Comme pour cet autre rachat historique, l'initiative de Microsoft n'a clairement pas été du goût des autorités de la concurrence à travers le monde. Parmi les entités les plus influentes pouvant bloquer le rachat, nous avons la FTC américaine, qui a intenté un procès en ce sens, la Commission européenne et la CMA britannique.
Ces objections véhémentes allaient tracer un véritable chemin de croix pour Microsoft, qui n'en a cependant pas démordu, tant le jeu en vaut la chandelle.
Une force de frappe considérable au service de Microsoft...

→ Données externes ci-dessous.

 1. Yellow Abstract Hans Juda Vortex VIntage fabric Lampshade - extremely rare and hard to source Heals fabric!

Dans le paysage vidéoludique actuel, Activision Blizzard King représente l'un des plus gros mastodontes de l'industrie, avec un catalogue colossal extrêmement lucratif. En tête de liste, nous avons bien sûr Call of Duty, une véritable machine à billets générant des millions de dollars chaque année grâce à un rythme de sortie frénétique, ou encore World of Warcraft, l'un des MMO les plus populaires de tous les temps, et d'autres grosses licences historiques comme Diablo ou (dans une certaine mesure au vu des événements récents à son sujet) Overwatch.
L'ajout d'un catalogue aussi considérable aux écuries de Microsoft représenterait ainsi une force de frappe phénoménale pour la marque Xbox, qu'il s'agisse d'en faire des exclusivités sur les consoles Xbox One et Series X|S, ou simplement pour les rendre disponibles dès leur sortie sur le Game Pass.

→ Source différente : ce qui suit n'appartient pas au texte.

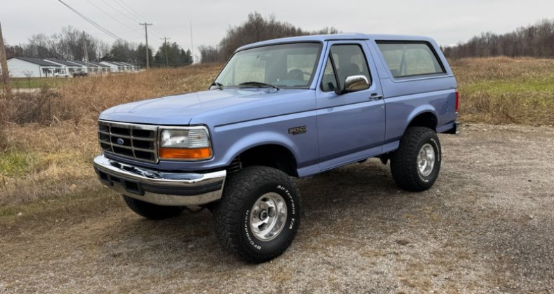 - Marque : Ford - Modèle : Bronco - Année : 1996 - Kilométrage : 142 000 miles - Couleur : Portofino blue - État : Très bon état, courtier dit que la voiture court très bien et n'a pas de problème - Travaux récents : Peinture OEM Ford nouvelle, soulevage de 4 pouces, pneus BF Goodrich K02 de 33x12.50, jantes nouvelles, grille, phares et feux arrière nouveaux, radio nouvelle - Travaux sur le titre : Titre propre - Travaux sur la finance : Peut être financé avec un dépôt de 10% - Localisation : Newburgh, Indiana. Provenance : Indiana. Disponibilité : environ 7 semaines, clés en main. 44 500 € tout compris (importation, taxes, procédure d'immatriculation). Annonce publiée le 13/12/2025

Enfin, n'oublions pas que le gigantesque éditeur dispose aussi dans son escarcelle d'un certain King, à qui l'on doit des jeux mobiles très populaires comme Candy Crush. Racheter cet énorme conglomérat reviendrait donc pour Microsoft à faire d'une pierre deux coups, avec un portfolio de jeux « classiques » de très gros calibre, mais aussi de s'arroger une grosse partie du très juteux gâteau que représente le marché du jeu mobile (surtout en Asie).
... tempérée par plusieurs limitations
Mais ça, c'était l'ambition initiale de Microsoft. Les autres acteurs de l'industrie et des entités étatiques sont arrivés aux mêmes conclusions et ont fait tout ce qui était en leur pouvoir pour calmer les ardeurs du géant américain.

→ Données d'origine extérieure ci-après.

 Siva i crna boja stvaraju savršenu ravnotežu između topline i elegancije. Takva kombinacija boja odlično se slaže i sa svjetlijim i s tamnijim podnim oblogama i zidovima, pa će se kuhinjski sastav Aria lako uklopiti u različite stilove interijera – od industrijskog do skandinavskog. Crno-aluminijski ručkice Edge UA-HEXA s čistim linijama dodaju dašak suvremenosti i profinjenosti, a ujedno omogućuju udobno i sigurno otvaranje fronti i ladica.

Comme dit précédemment, la FTC américaine, la Commission européenne et la CMA britannique ont, après une enquête approfondie, bloqué l'une après l'autre le rachat depuis son annonce en janvier de l'année dernière. Microsoft a donc dû se battre bec et ongles sur plusieurs fronts afin d'apaiser les craintes de chaque autorité de la concurrence. Des accords avec les deux autres géants de l'industrie que sont Nintendo et PlayStation ont dû être passés, notamment pour la distribution de Call of Duty sur ces plateformes.
Elle y est plus ou moins bien parvenue, recevant l'aval de la Commission européenne et d'autres entités similaires en Asie et dans d'autres pays. L'opération s'est révélée plus délicate avec la FTC américaine, qui a dû passer par un procès dont Microsoft est ressortie gagnante.
Reste encore aujourd'hui la CMA britannique, dernière entité irréductible à résister. Celle-ci invoque comme motif de blocage une situation de quasi-monopole sur le marché du cloud gaming au Royaume-Uni. Pour la faire changer d'avis, Microsoft a dû passer des accords avec GeForce NOW et d'autres acteurs du cloud gaming, sans succès. La dernière carte abattue tout récemment a été la cession pure et simple des droits sur le cloud gaming des jeux Activision Blizzard à Ubisoft. L'autorité britannique a ainsi consenti à réévaluer son jugement d'ici au mois d'octobre prochain.
Un nouveau paysage du marché du jeu vidéo
Nous devrions donc savoir dans les prochains mois si cette affaire qui approche les deux ans de suspense et de rebondissements arrivera enfin à son terme. Gageons qu'une telle concession de la part de Microsoft au profit d'Ubisoft devrait adoucir la CMA, et ainsi se traduire par une victoire pour le géant américain. Certes de dure lutte et pleine de sacrifices, mais une victoire quand même.
Si tel est le cas, le paysage du jeu vidéo sera sans conteste irrémédiablement changé. Plus que jamais, la tendance va au rassemblement des studios sous une seule et même bannière. Il existe encore très peu de puissants éditeurs et studios qui ne soient pas sous la houlette d'une plus grande organisation, comme vous pouvez le constater avec le tableau ci-dessous.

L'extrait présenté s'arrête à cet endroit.